State party leaders, he said, must capitalize on that momentum, generating down-ballot votes in the general election. Among moderates and progressives, therefore, coalition-building is imperative.
‘It’s about how we message’
Population shifts have already factored into Democratic gains in South Carolina, mostly recently flipping a House seat for Joe Cunningham, but the state hasn’t elected a Democrat to the US Senate since 2006. Jaime Harrison, the former chair of the state party, is determined to change that.
He is challenging a three-term incumbent Republican, Lindsey Graham. In a state Trump won by more than 300,000 votes his campaign is ambitious but Harrison has achieved record-breaking fundraising and one December a poll showed him only two points behind Graham, once a stringent Trump critic but now one of the president’s closest allies.
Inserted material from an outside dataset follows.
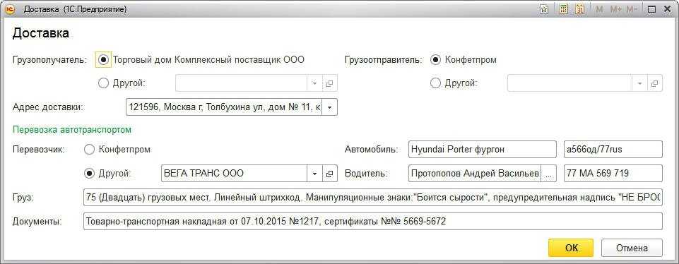 Рис. 2. Дополнительные реквизиты по доставке товара

Harrison said he recognizes the impact of demographic shifts, noting that he has “been in and around all of South Carolina [his] entire life” and has not “seen growth like this before”. Longtime residents and transplants care about the same issues, he said, just in different ways.
“Healthcare affects us all, like in our urban counties where access can be expensive and timely to residents, or in the eight rural counties that don’t have a single OB-GYN,” he said.
Harrison urged Democrats to learn from 2016, in which a bitter primary between Sanders and Clinton led some voters to sit out the general election. His team has released a seven-page memo, offering guidance on building a coalition.
“It’s about how we message and who we message to,” he said. “We need to be having conversations in South Carolina that speak less to the head and more to the heart and the gut, drawing in these various camps in by recognizing their presence.
“Otherwise we lose future generations over an inability to get anything done.”
As his campaign connects with former city dwellers in suburban Columbia, older voters and recent graduates around Greenville and farmers in the Lowcountry, he’s betting on Graham being seen as out of touch.
“The south is changing,” he said, arguing that for demographic shifts, his state is on a par with Texas, North Carolina and Georgia.
“Folks are losing hope in all communities and they’re looking for policies that speak to their challenges,” Harrison said, adding that ignoring how the pulse of the people is diversifying would do the party a disservice in elections to come.
In Charleston, Washington said she often straddles two identities: a lifelong Carolinian in tune with the conservative culture of the south and a relocating transplant sometimes out of touch with such traditional views.
“I’m basically South Carolina in human form,” she joked.
This week’s primary may come too soon to reveal a full identity crisis. Even Washington predicts a strong turnout for Biden, adding: “No one touches him on experience.”
Still, she echoes Harrison, saying: “Change is coming.
“We know who we are and where we’ve been but as the south evolves, we evolve. For some of us, that yearning for something bold, something new is just the beginning.”